(Exercise instructions):
If pictures appear among the lines below, leave them out while you return exactly the lines from the one with "K様邸 シーラー塗布を行いました!おはようございます 昨日は休み返上で、施工中の諫早市の現場K様邸のシーラー塗布を行いました" through the one with "28일 서울 블루스퀘어".

====== Provided data

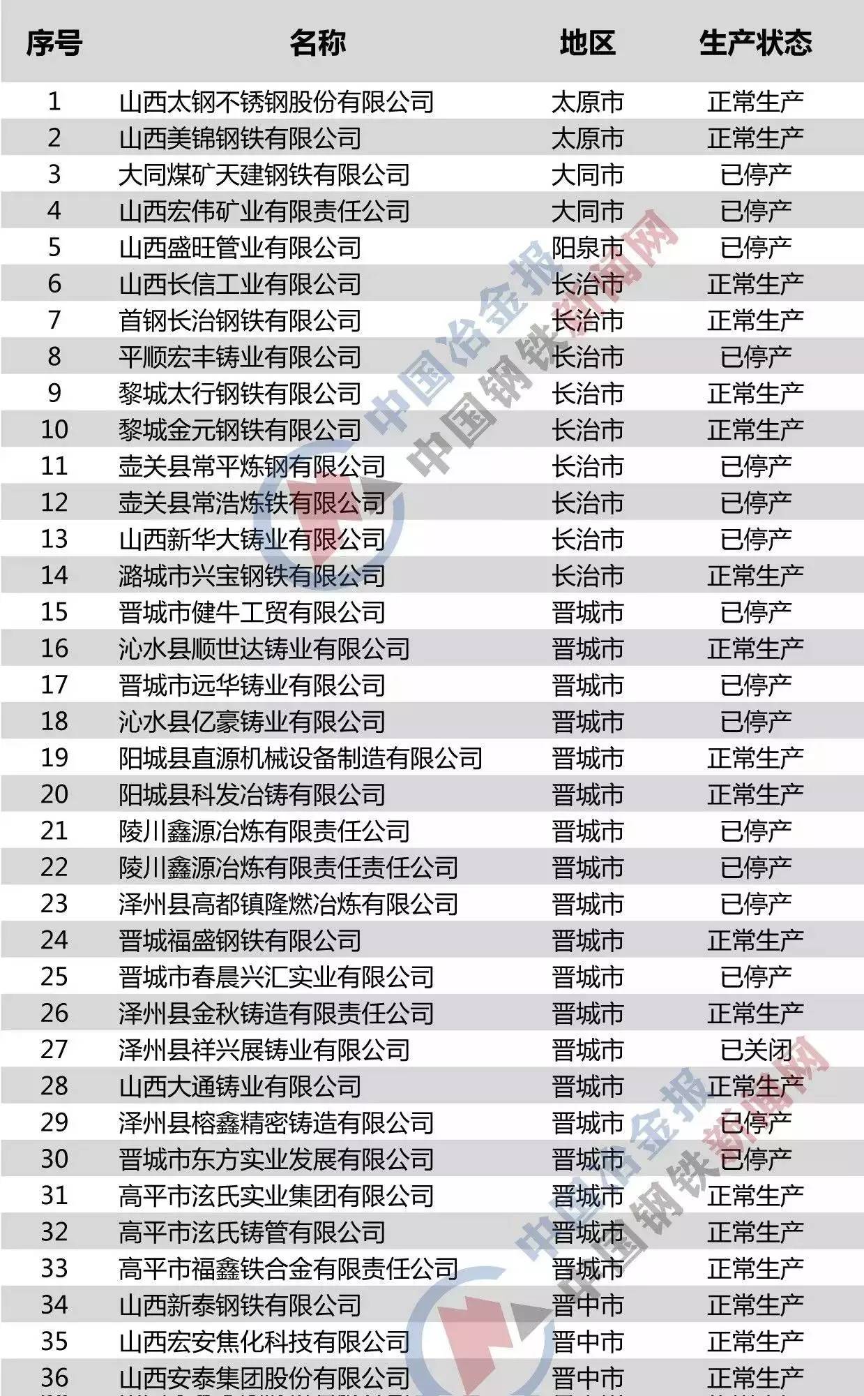 山西省鋼鐵企業名單
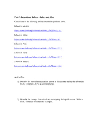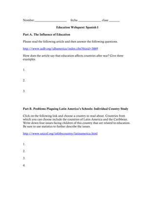 This document provides instructions and questions for a Spanish education webquest. Students are asked to read articles about the influence of education on post-war countries and issues facing children's education in Latin America. They then choose an article about educational reform in one Latin American country to answer questions about conditions before and changes during the reform, and reflect on an interesting photo from the article.
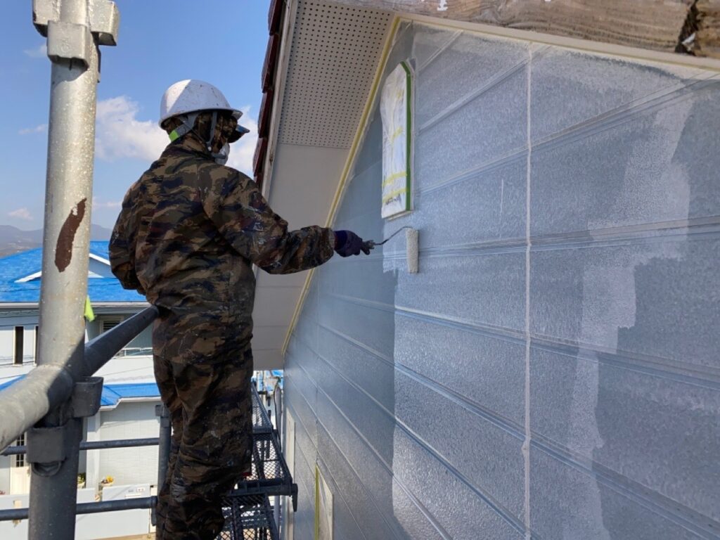 K様邸 シーラー塗布を行いました!おはようございます 昨日は休み返上で、施工中の諫早市の現場K様邸のシーラー塗布を行いました 屋根外壁シーラーとは、塗装に使われる下塗り塗料のことで塗装するときには、塗装面の下地処理をしてから仕上げ塗料を塗る必要があります!この下地処理で使用される下塗り用塗料がシーラーです。シーラーは、下地の資材・状態・使用する塗料に合わせて適切なタイプを使用することが大切です。昨日も今日もポカポカ良い天気ですね\(^_^)/4日前の雪が信じられない・・・・今日の作業も安全第一に頑張ります!!
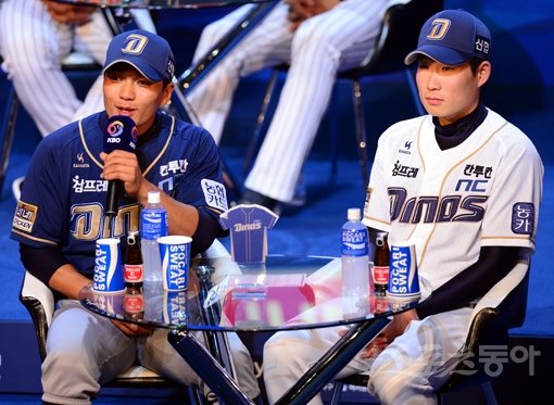 28일 서울 블루스퀘어 삼성카드홀에서 ‘2016 타이어뱅크 KBO리그’ 미디어데이가 열렸다. NC 이종욱(왼쪽)이 개막을 앞두고 출사표를 밝히고 있다. 김민성 기자 marineboy@donga.com
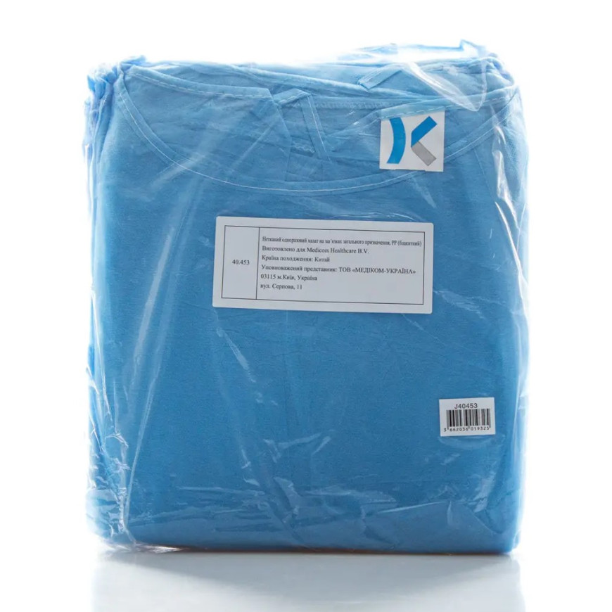 Одноразовий нетканий халат на зав’язках загального призначення виготовлений із високоякісного поліпропілену (РР) блакитного кольору 10 шт. Призначений для захисту одягу та зниження ризику забруднення під час виконання різних робіт у медичній, харчовій, косметологічній, лабораторній чи побутовій сферах.
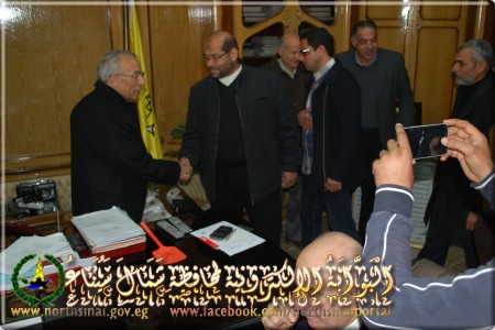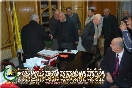 ألتقي اللواء السيد عبد الفتاح حرحور، محافظ شمال سيناء بمديري الإدارات وموظفي الديوان العام، وذلك بمكتبه، بديوان عام المحافظة بالعريش.
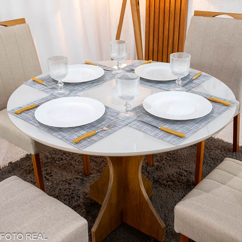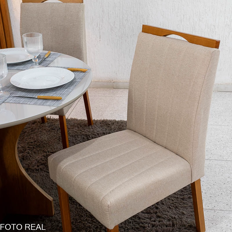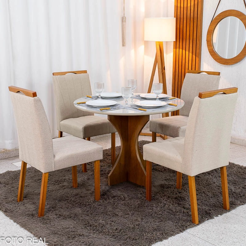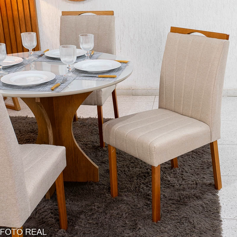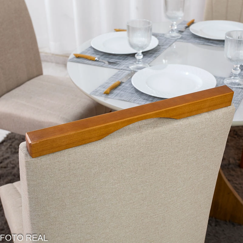 Mesa de Jantar Siena Redonda 100cm Vidro Off/Base Cinamomo – Minas Plac + 4 Cad. Isabela Linho Bege 01 Madeira KM Decor – Entregue Montada
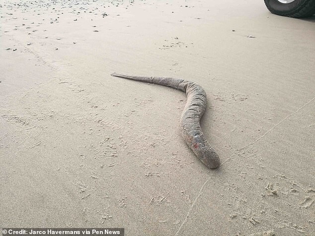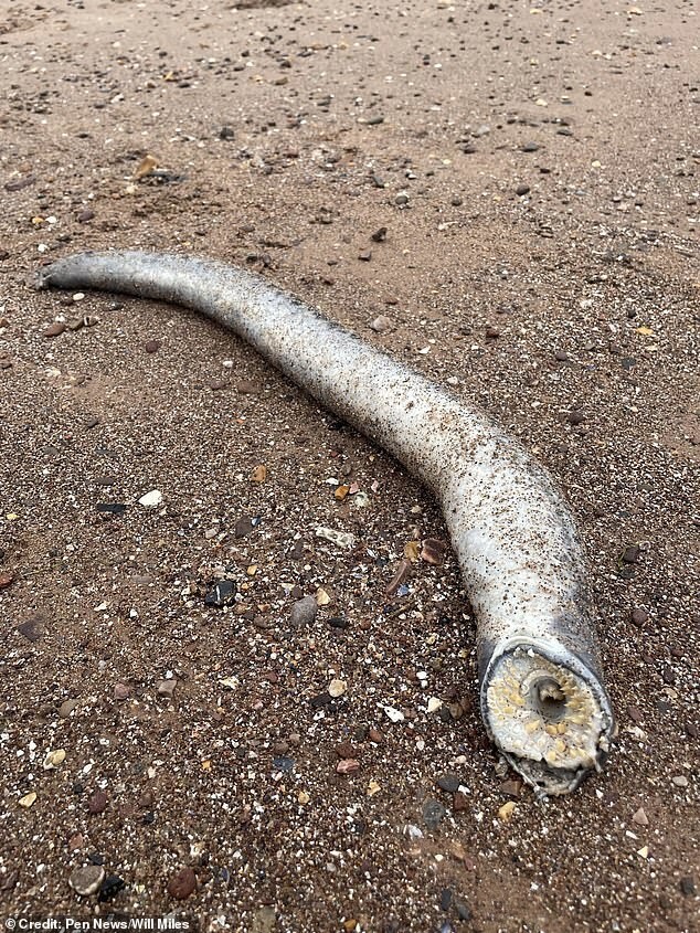 «Оно было похоже на огромную пиявку с присоской, полной острых, направленных внутрь зубов, — написал Майлз. — Длина около 80 см, чуть меньше роста двухлетнего ребенка. Я был очень удивлен. Я никогда раньше не видел, чтобы на берег вымывало такое, и не ожидал увидеть».

============

(Answer for this exercise):
 K様邸 シーラー塗布を行いました!おはようございます 昨日は休み返上で、施工中の諫早市の現場K様邸のシーラー塗布を行いました 屋根外壁シーラーとは、塗装に使われる下塗り塗料のことで塗装するときには、塗装面の下地処理をしてから仕上げ塗料を塗る必要があります!この下地処理で使用される下塗り用塗料がシーラーです。シーラーは、下地の資材・状態・使用する塗料に合わせて適切なタイプを使用することが大切です。昨日も今日もポカポカ良い天気ですね\(^_^)/4日前の雪が信じられない・・・・今日の作業も安全第一に頑張ります!!
 28일 서울 블루스퀘어 삼성카드홀에서 ‘2016 타이어뱅크 KBO리그’ 미디어데이가 열렸다. NC 이종욱(왼쪽)이 개막을 앞두고 출사표를 밝히고 있다. 김민성 기자 marineboy@donga.com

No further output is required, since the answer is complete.